**Requirement**
Give back exactly the lines of the entries below from the line with "Anchor link toيسمح" to the line with "主計總處昨公布台灣第一季GD", inclusive, and only those.

#### Dataset entries ####

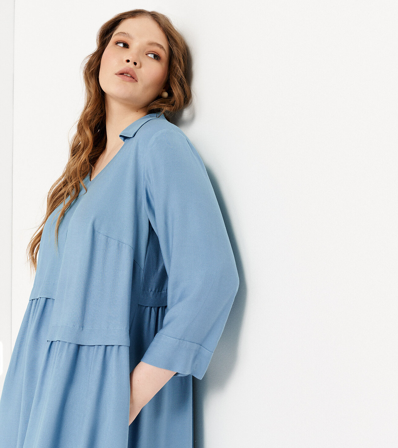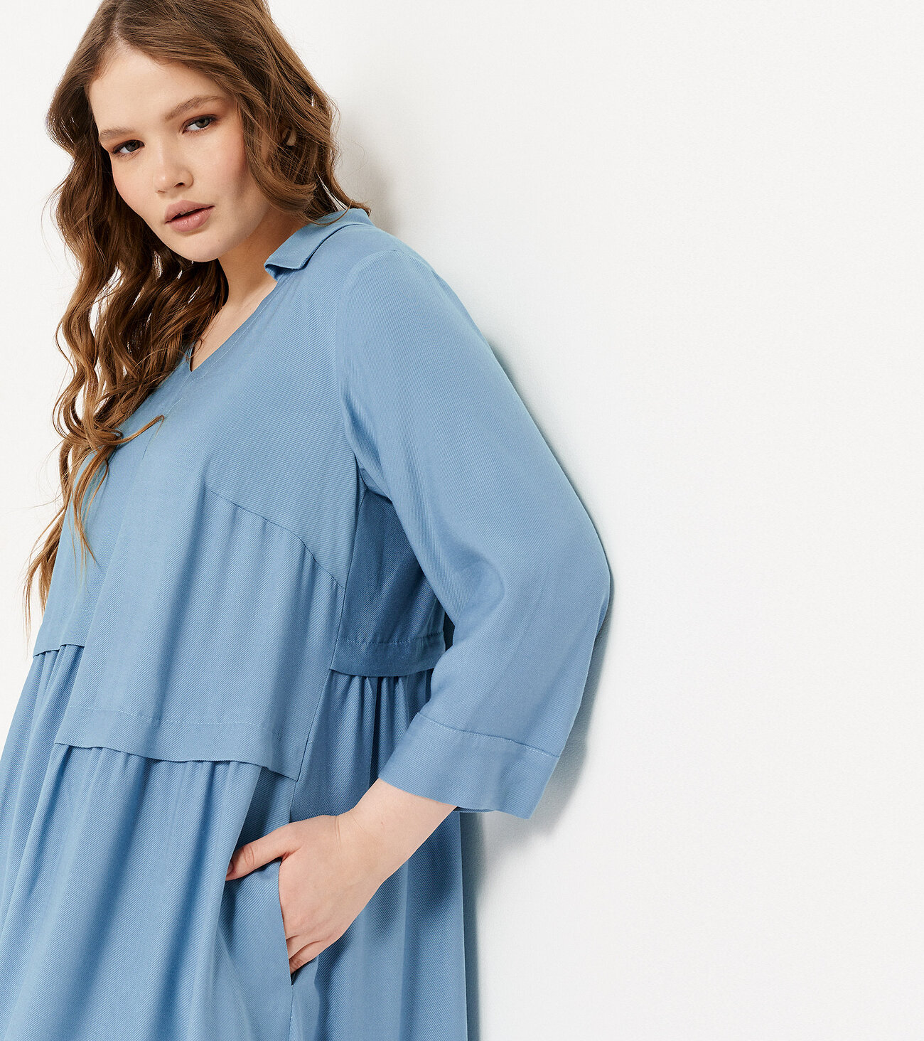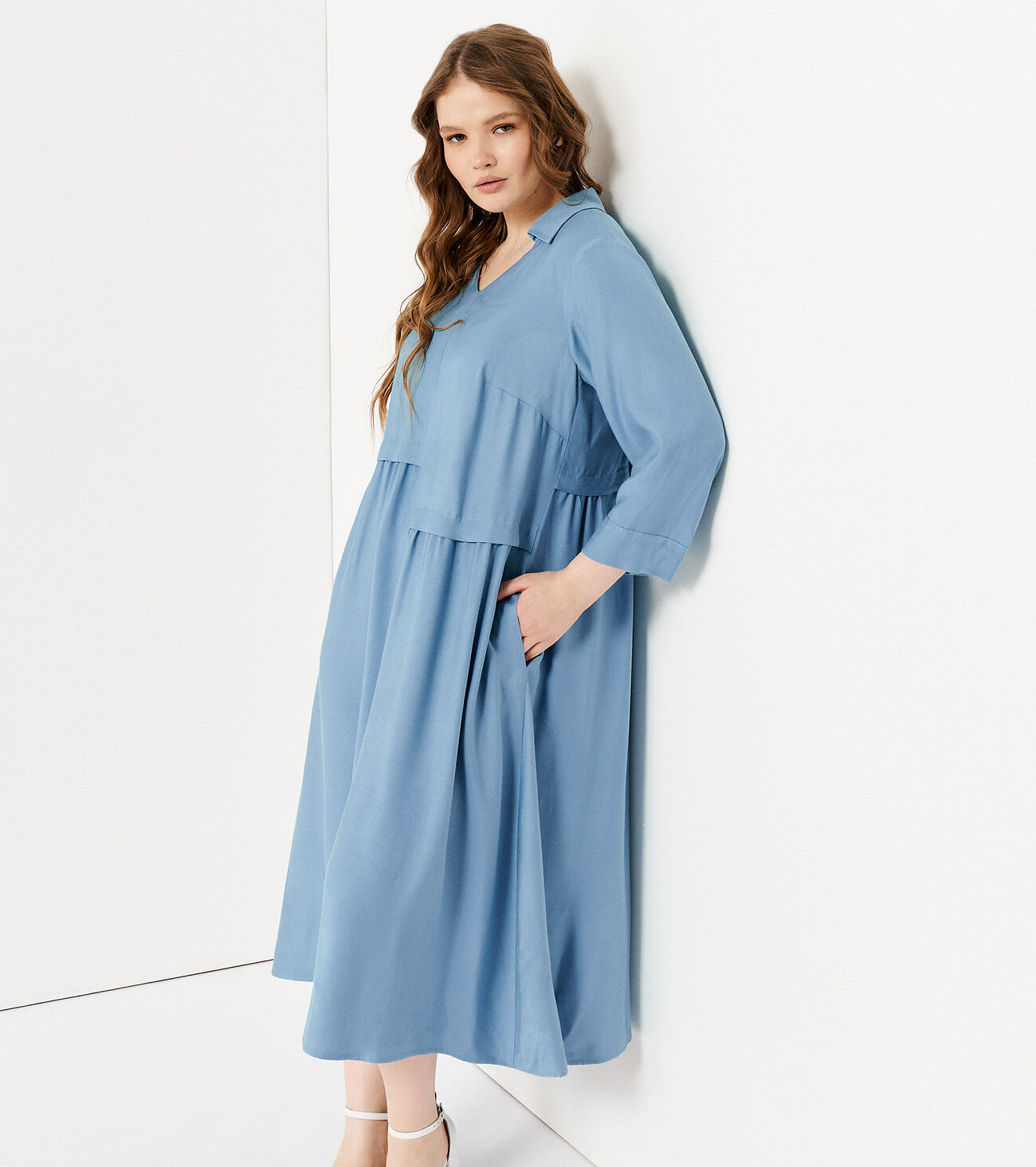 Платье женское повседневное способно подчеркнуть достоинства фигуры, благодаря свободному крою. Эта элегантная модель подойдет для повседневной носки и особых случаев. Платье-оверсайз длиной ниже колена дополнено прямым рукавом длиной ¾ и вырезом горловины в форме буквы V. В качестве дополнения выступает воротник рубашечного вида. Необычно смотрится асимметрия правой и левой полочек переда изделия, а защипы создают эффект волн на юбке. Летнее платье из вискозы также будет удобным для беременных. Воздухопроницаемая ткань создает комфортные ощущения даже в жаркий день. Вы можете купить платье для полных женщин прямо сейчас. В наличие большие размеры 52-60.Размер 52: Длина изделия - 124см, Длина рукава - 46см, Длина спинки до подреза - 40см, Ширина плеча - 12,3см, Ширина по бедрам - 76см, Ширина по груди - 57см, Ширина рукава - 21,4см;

####
#### Dataset entries ####

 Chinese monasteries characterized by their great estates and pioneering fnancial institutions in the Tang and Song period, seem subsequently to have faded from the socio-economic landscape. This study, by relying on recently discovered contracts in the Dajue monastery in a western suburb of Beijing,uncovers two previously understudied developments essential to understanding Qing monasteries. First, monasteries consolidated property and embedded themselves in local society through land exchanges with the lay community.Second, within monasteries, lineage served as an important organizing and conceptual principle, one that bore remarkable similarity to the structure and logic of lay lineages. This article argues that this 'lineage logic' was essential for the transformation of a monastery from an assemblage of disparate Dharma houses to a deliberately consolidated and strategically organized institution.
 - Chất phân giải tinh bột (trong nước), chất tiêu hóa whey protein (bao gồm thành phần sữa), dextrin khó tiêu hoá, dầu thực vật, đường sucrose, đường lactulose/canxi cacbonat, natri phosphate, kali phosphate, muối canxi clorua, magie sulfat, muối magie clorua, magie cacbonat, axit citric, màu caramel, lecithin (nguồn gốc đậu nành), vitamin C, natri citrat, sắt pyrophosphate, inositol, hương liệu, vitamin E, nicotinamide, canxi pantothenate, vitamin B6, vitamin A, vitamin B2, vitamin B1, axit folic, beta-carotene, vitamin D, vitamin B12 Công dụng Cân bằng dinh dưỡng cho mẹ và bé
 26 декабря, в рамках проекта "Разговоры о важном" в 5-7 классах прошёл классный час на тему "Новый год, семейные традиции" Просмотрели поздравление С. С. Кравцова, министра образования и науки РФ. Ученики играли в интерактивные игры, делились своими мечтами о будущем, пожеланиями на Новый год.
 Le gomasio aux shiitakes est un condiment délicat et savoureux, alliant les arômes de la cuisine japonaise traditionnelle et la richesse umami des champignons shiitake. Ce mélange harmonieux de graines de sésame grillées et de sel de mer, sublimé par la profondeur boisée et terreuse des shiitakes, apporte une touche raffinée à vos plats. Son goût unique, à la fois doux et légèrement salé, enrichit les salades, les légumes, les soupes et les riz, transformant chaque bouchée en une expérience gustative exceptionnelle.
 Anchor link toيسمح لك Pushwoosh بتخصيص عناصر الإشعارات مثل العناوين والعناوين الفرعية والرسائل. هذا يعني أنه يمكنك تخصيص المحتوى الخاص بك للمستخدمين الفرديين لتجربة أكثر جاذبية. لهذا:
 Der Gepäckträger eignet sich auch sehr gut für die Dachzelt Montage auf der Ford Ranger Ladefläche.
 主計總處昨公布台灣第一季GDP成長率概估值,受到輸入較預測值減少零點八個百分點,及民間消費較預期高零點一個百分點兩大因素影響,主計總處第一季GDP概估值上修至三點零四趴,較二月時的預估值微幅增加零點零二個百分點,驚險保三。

####

**Response to this task**
 Anchor link toيسمح لك Pushwoosh بتخصيص عناصر الإشعارات مثل العناوين والعناوين الفرعية والرسائل. هذا يعني أنه يمكنك تخصيص المحتوى الخاص بك للمستخدمين الفرديين لتجربة أكثر جاذبية. لهذا:
 Der Gepäckträger eignet sich auch sehr gut für die Dachzelt Montage auf der Ford Ranger Ladefläche.
 主計總處昨公布台灣第一季GDP成長率概估值,受到輸入較預測值減少零點八個百分點,及民間消費較預期高零點一個百分點兩大因素影響,主計總處第一季GDP概估值上修至三點零四趴,較二月時的預估值微幅增加零點零二個百分點,驚險保三。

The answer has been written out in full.